* ASSIGNMENT:
Print the listing below verbatim, passing over each picture.

* DATASET CONTENT:
····················

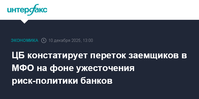 Москва. 10 декабря. INTERFAX.RU - ЦБ РФ наблюдает "некоторый переток" заемщиков в микрофинансовые организации (МФО) на фоне снижения кредитного качества потребительских кредитов и ужесточения банками требований к клиентам, в отдельных случаях это может приводить к росту их закредитованности.
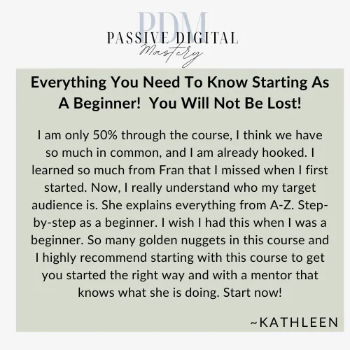 I stumbled upon Passive Digital Mastery ... and realised that Fran was nothing more or less than me ... if SHE could CREATE ABUNDANCE ... by being authentic and REAL ...
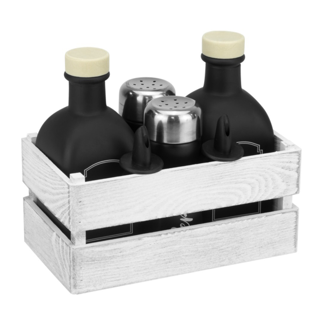 Стилен оливерник от 5 части Old Fashioned Black HORECANO в дървена касетка във винтидж бяло.Комплектът включва стъклени бутилки за олио/зехтин и оцет с вместимост 250 мл и стъклени солница и пиперница с метални сребристи капачки с вместимост 80 мл.И четирите съда са в черен цвят.В комплекта са включени и черни пурери за бутилките.Удобната касетка прави комплекта лесен за пренасяне и съхранение.Практичен и модерен оливерник, чудесно предложение за всяка кухня.
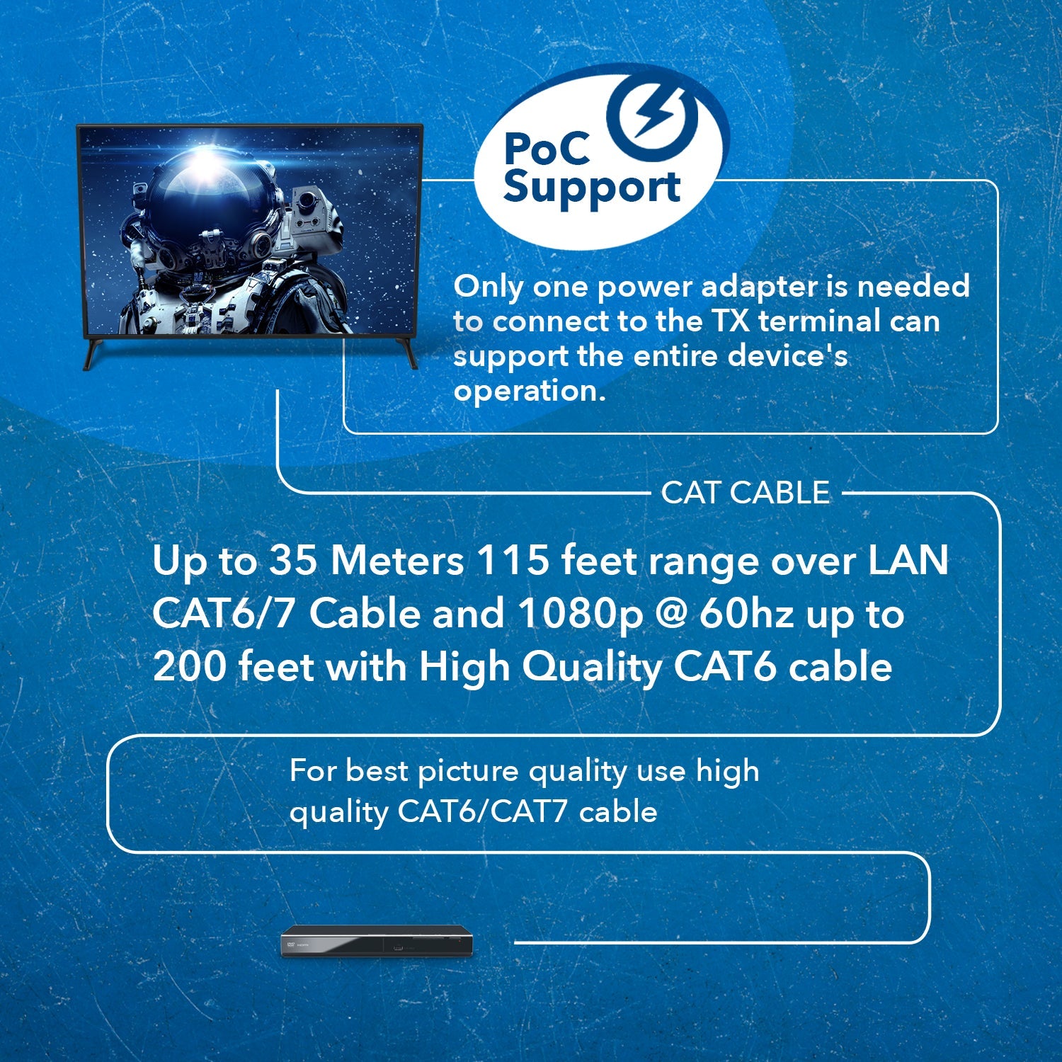 Ideal for home or commercial installations, it extends HDMI signals up to 115ft at 4K@60Hz and 230ft at 1080p@60Hz.This extender includes an HDMI loop-out on the transmitter for connecting a local display and supports audio de-embedding through the L/R output on the receiver. With bi-directional Power over Cable (PoC), only one power adapter is needed. It also enables full control flexibility with bi-directional IR, RS-232, and CEC pass-through.

····················

* SOLUTION FOR THIS TASK:
 Москва. 10 декабря. INTERFAX.RU - ЦБ РФ наблюдает "некоторый переток" заемщиков в микрофинансовые организации (МФО) на фоне снижения кредитного качества потребительских кредитов и ужесточения банками требований к клиентам, в отдельных случаях это может приводить к росту их закредитованности.
 I stumbled upon Passive Digital Mastery ... and realised that Fran was nothing more or less than me ... if SHE could CREATE ABUNDANCE ... by being authentic and REAL ...
 Стилен оливерник от 5 части Old Fashioned Black HORECANO в дървена касетка във винтидж бяло.Комплектът включва стъклени бутилки за олио/зехтин и оцет с вместимост 250 мл и стъклени солница и пиперница с метални сребристи капачки с вместимост 80 мл.И четирите съда са в черен цвят.В комплекта са включени и черни пурери за бутилките.Удобната касетка прави комплекта лесен за пренасяне и съхранение.Практичен и модерен оливерник, чудесно предложение за всяка кухня.
 Ideal for home or commercial installations, it extends HDMI signals up to 115ft at 4K@60Hz and 230ft at 1080p@60Hz.This extender includes an HDMI loop-out on the transmitter for connecting a local display and supports audio de-embedding through the L/R output on the receiver. With bi-directional Power over Cable (PoC), only one power adapter is needed. It also enables full control flexibility with bi-directional IR, RS-232, and CEC pass-through.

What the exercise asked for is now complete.